Last point here: I agree with Kniberg that MVPs as actually used in the real world cause a lot of drama. After all, the "Law of Now or Never" exists because of one such problem.

But, just as a reminder: All of this hubbub about MVPs actually mis-uses Eric Ries' original definition and intent for the MVP. He meant for MVPs to be the "minimum testable thing," to use Kniberg's term:

"An MVP is the smallest version of a product you can use to start the process of learning from customers. Think of it as the first experiment or in-market test of our ideas. It needn’t be the full product; often it’s a version with elements removed or one made using a simpler production process. It can be as simple as marketing materials or a brochure."

And while Ries really does refer to the solution or something related to it in all direct quotes of his that I have seen, he also points out elsewhere that the real point is to test the riskiest assumption. If that riskiest assumption has to do with the business, operations, etc. rather than the solution itself, then the "minimum testable" thing might have no connection to the solution at all!

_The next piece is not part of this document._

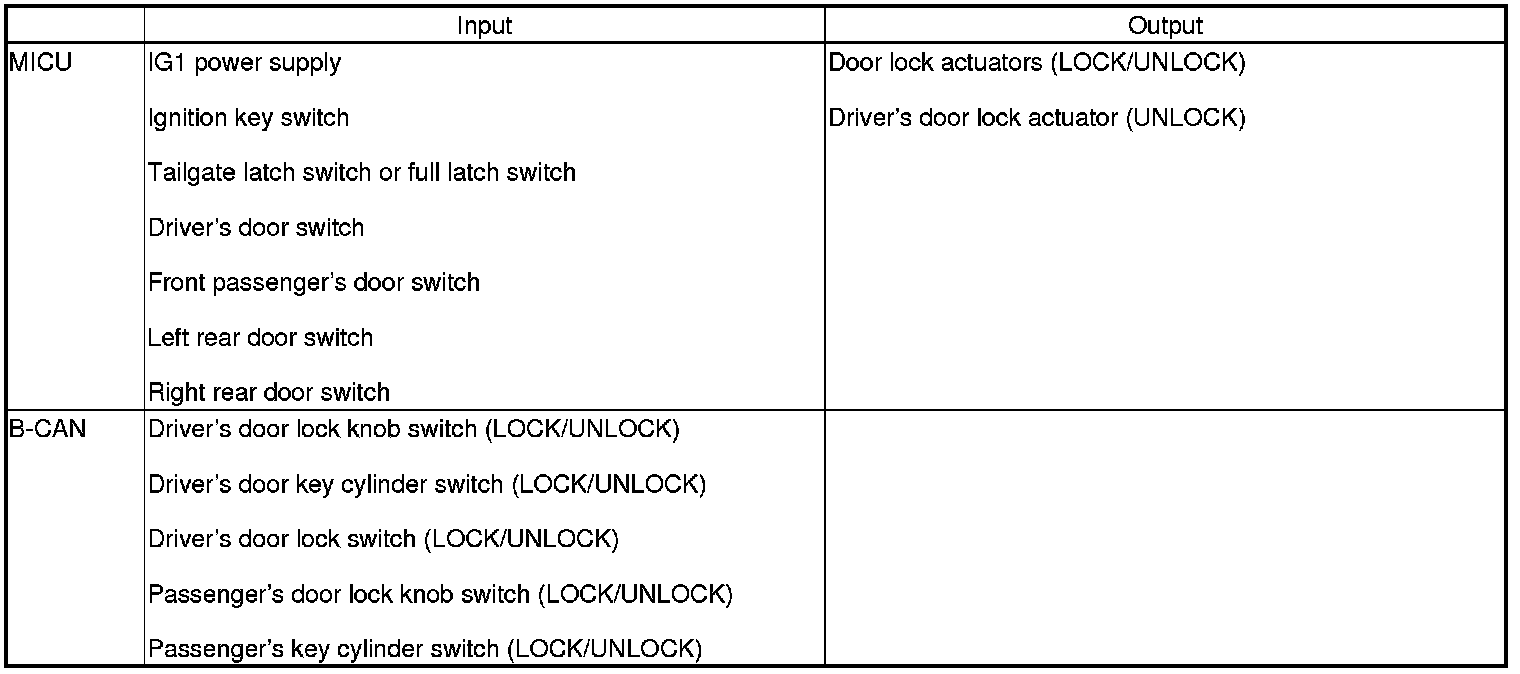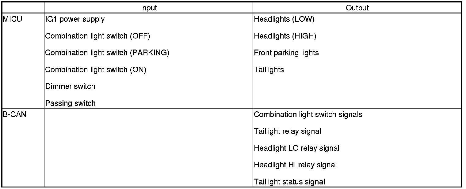 When any of the data from the B-CAN circuit cannot be received within a specified time, or an unusual combination of data is recognized, the MICU enters the software fail-safe mode. The data that cannot be received is assigned a pre-programmed value.

Phew, end rant. Back to our law and how to use it in real life. Thanks for bearing with me!

Litmus test

Definitely create "classic" MVPs focused on your solution. Just check that you also have MVPs for organizational Acceptability/ Agreeability:

Stage 1: Solution MVP: Can you point to a concrete way in which your current priority is a minimum version of your future vision, not to something else, pushing out what you want to work on into the future?

For example, when Netflix started, they did not open a video store while working on their "video over internet" vision. Instead, they created that version of "video over internet" that they could test out then, which happened to mean ordering video rentals over the internet but shipping them by mail.

Stage 2: Business/ operations MVP: Can your executive stakeholders, especially business line leaders, clearly repeat back to you how your output will add value to them? (Important: It matters that they can do it, not just that you can do it.)

Note that this must be possible without your leaders following their description with some serious caveat that negates all the value they have described before.

How to do it

Doing this can take multiple Viability and Acceptability/ Agreeability efforts. We can only cover the really short version here. But in short, especially consider:

  • Make it tangible: Describe the financials that your effort will deliver, if you manage to de-risk the key assumptions: Opportunity size (TAM/ SAM/ SOM), resulting assumption-driven income statement (Discovery-Driven Growth), and payback period for investments.
  • Make it helpful: It's hard to avoid the hockey stick growth curve. Stuff simply starts small. But financials aren't the only way to be valuable. Can you show how your solution will save operators time, cut headaches or risks, or otherwise earn its keep while you wait for financials to catch up?
  • Re-mix it: It's possible that your as-is MVP can't produce any value to stakeholders on a timeline they care about. At that point, it may make sense to think of your single solution as a series of modules and to front-load those modules that matter most to your stakeholders.